■ TASK REQUIREMENTS ■
Find the line with "AsiakaspalautePaksuneuloksinen hupullinen neulepusero" in the records below. Output exactly from there until after the line with "Por su falta", without pictures.

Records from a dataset
= = =
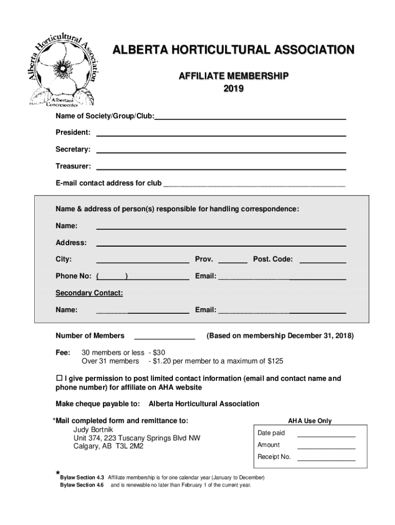ALBERTA HORTICULTURAL ASSOCIATION AFFILIATE MEMBERSHIP 2019 Name of Society/Group/Club: President: Secretary: Treasurer: Email contact address for club Name & address of person(s) responsible for
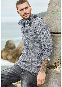 AsiakaspalautePaksuneuloksinen hupullinen neulepusero puuvillasekoitteesta
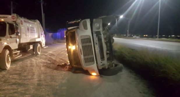 Por su falta de precaución al volante, el operador de un camión recolector de basura volcó en la Carretera a Piedras Negras, resultando ileso de puro milagro.
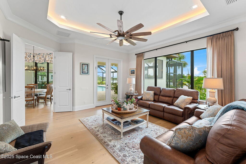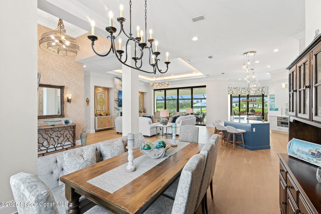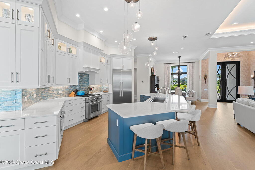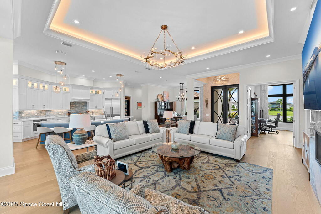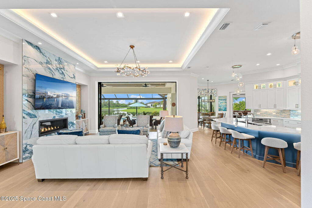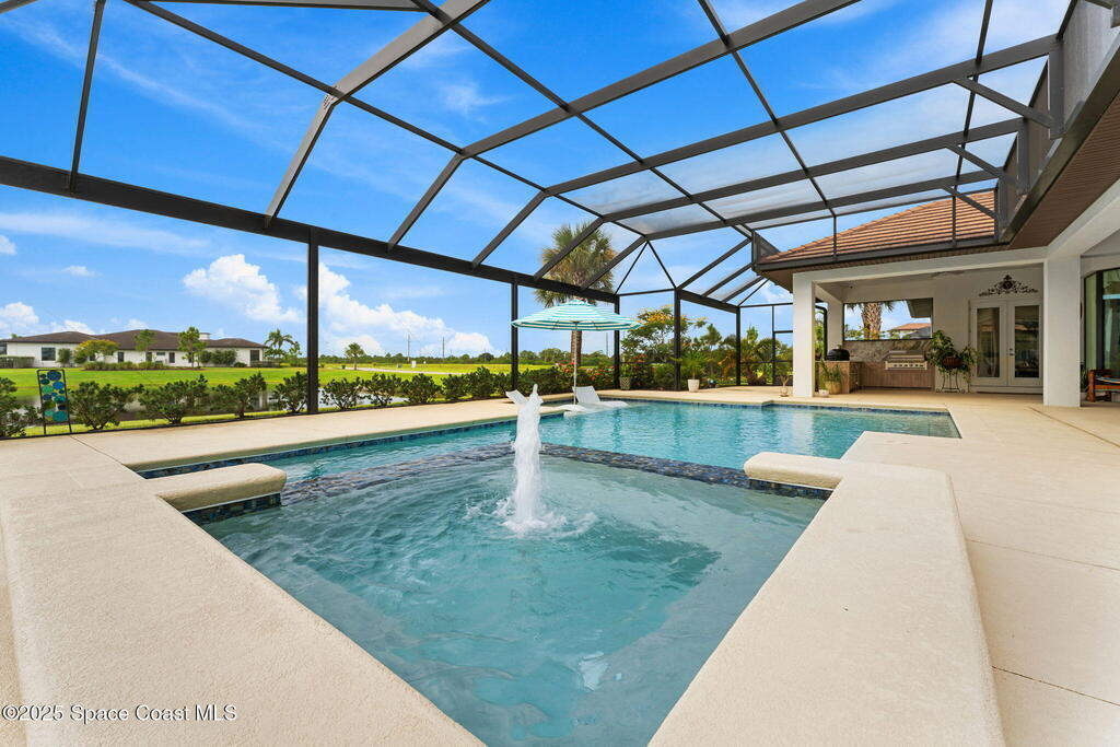 Accepting Backups!! Grand scale & resort living combine in this 4,222 sq ft custom home on a .70-acre corner lot with breathtaking lake & preserve views. A dramatic 14' foyer with iron double doors opens to oak hardwood floors, soaring ceilings, & walls of glass. The kitchen is a culinary showpiece--quartz counters, custom white cabinetry, Thermador appliances, 6-burner gas range, oversized pantry with coffee bar, & a 52'' stainless sink with dual faucets. Each bedroom offers a private en suite, while the primary suite stuns with dual custom closets & tray ceiling. Living areas center on a porcelain gas fireplace & flexible spaces designed for entertaining or retreat. Step outside to a private paradise: heated saltwater pool, spa, wood-planked lanai, summer kitchen, natural-gas firepit, & picture-panel screening that frames the view. Two oversized 2-car garages, whole-house generator, advanced water systems, & lush landscaping complete this luxury statement.
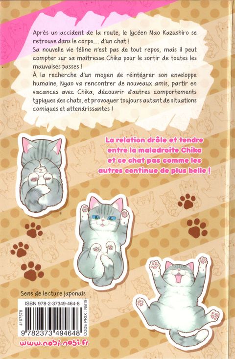 Après un accident de la route, le lycéen Nao Kazushiro se retrouve dans le corps… d’un chat ! Sa nouvelle vie féline n’est pas de tout repos, mais il peut compter sur sa maîtresse Chika pour le sortir de toutes les mauvaises passes ! À la recherche d’un moyen de réintégrer son enveloppe humaine, Nyao va rencontrer de nouveaux amis, partir en vacances avec Chika, découvrir de nouveaux comportements typiques des chats, et provoquer toujours autant de situations comiques et attendrissantes ! La relation drôle et tendre entre la maladroite Chika et ce chat pas comme les autres continue de plus belle !
= = =
■ EXERCISE OUTPUT ■
 AsiakaspalautePaksuneuloksinen hupullinen neulepusero puuvillasekoitteesta
 Por su falta de precaución al volante, el operador de un camión recolector de basura volcó en la Carretera a Piedras Negras, resultando ileso de puro milagro.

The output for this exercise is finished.